▸ Problem statement
The line containing "Close to Welshpool, just", plus every line that follows it to the end of the listing below, is what you transcribe exactly; omit all pictures.

--- Material provided Enclosed Below ---

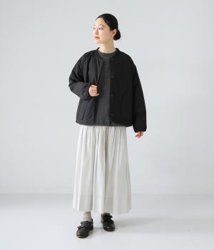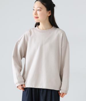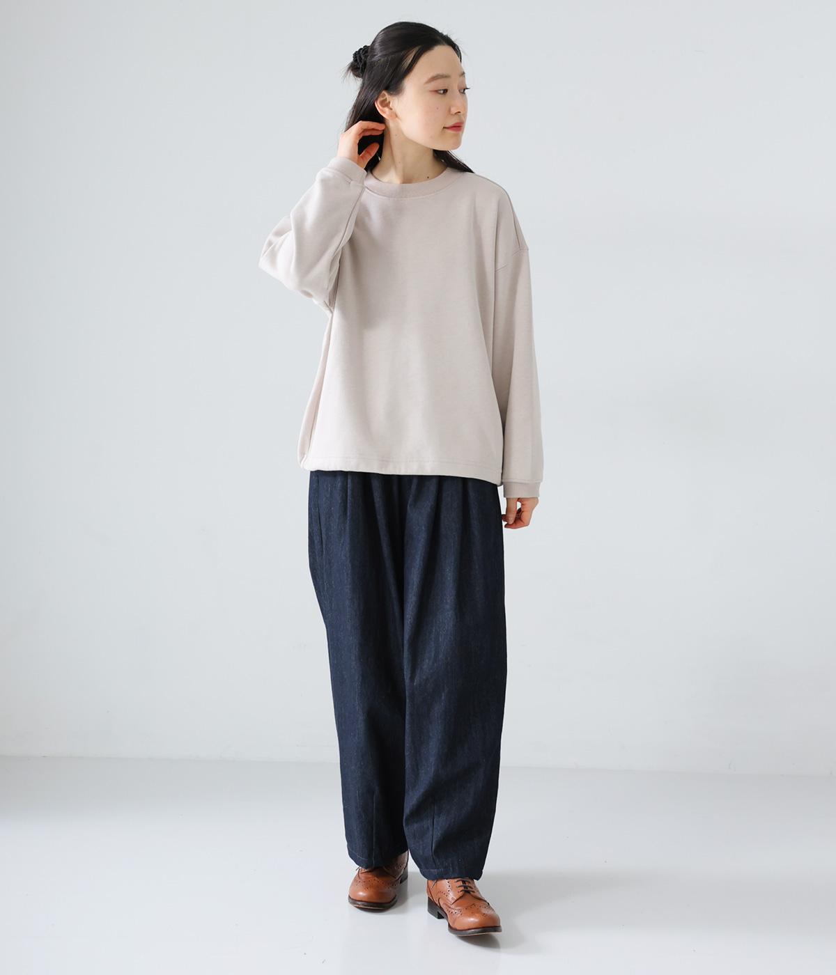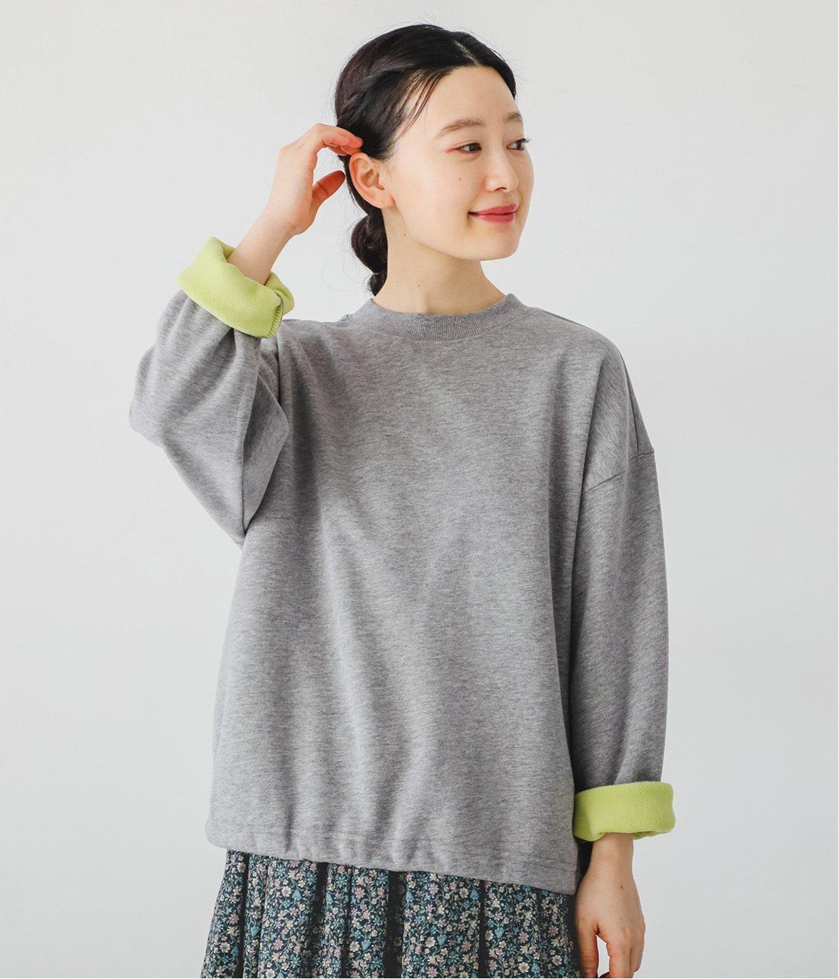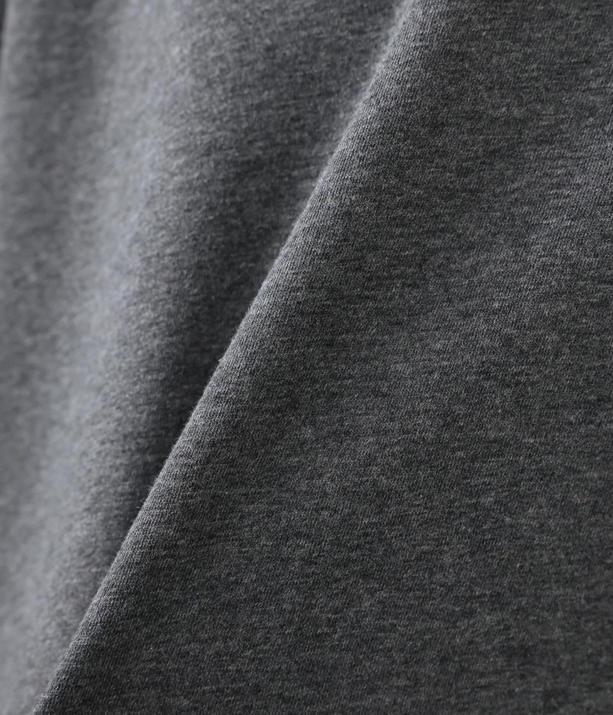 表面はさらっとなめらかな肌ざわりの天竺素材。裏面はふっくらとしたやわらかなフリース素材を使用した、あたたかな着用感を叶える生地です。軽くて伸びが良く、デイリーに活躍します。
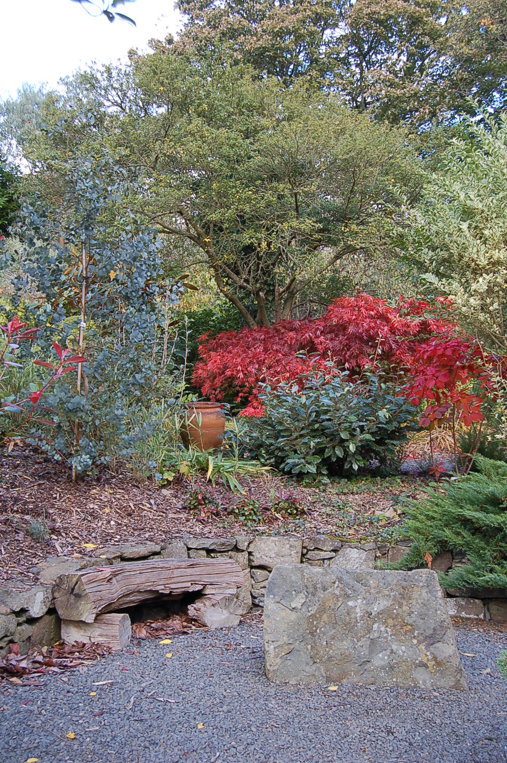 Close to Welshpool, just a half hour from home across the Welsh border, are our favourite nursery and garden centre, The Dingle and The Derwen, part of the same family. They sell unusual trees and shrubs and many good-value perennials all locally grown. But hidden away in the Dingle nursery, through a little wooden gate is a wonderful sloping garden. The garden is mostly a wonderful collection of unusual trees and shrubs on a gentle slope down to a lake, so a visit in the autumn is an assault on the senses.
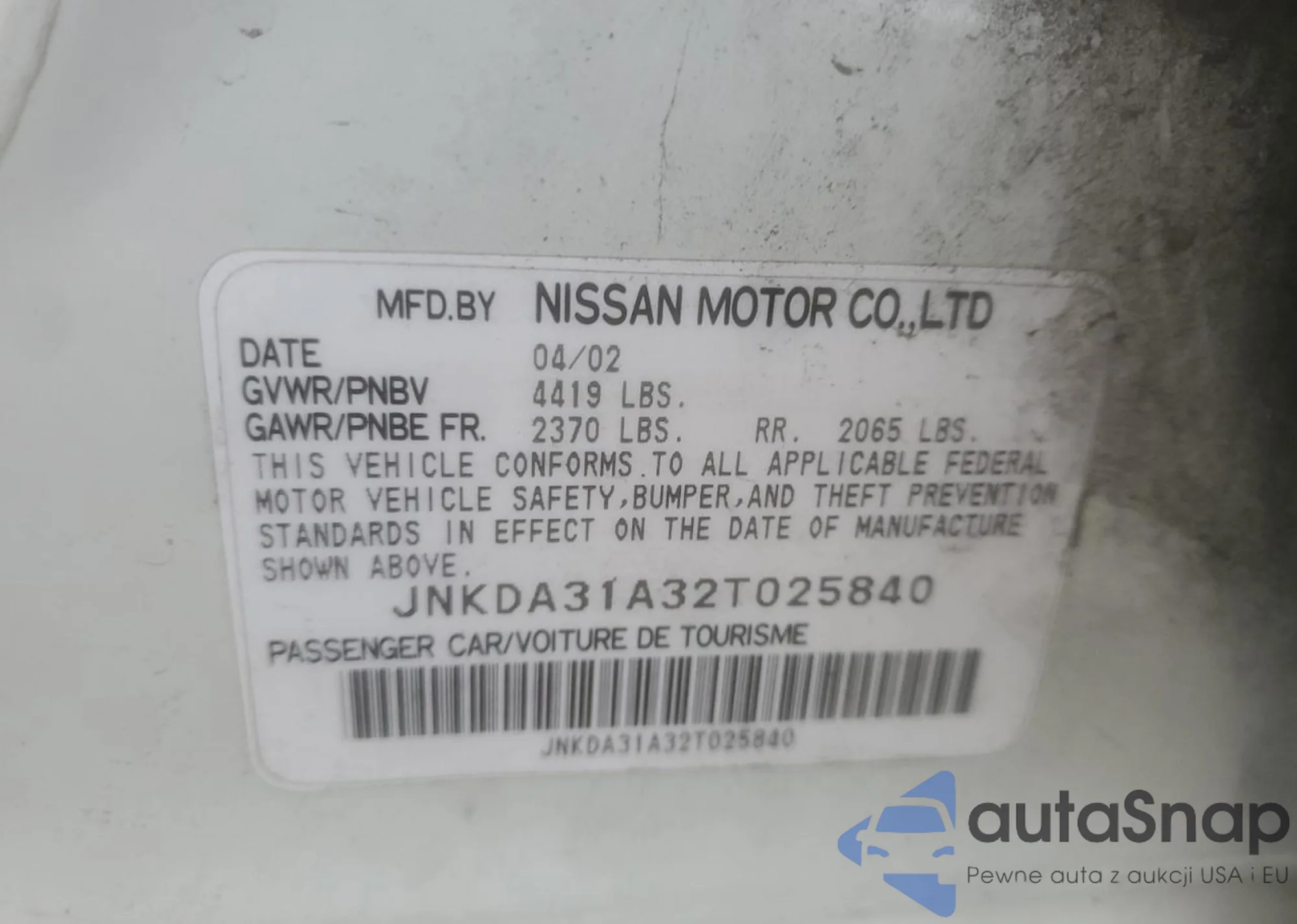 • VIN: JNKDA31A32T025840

--- End of Enclosed Material provided ---

▸ Output of the exercise
 Close to Welshpool, just a half hour from home across the Welsh border, are our favourite nursery and garden centre, The Dingle and The Derwen, part of the same family. They sell unusual trees and shrubs and many good-value perennials all locally grown. But hidden away in the Dingle nursery, through a little wooden gate is a wonderful sloping garden. The garden is mostly a wonderful collection of unusual trees and shrubs on a gentle slope down to a lake, so a visit in the autumn is an assault on the senses.
 • VIN: JNKDA31A32T025840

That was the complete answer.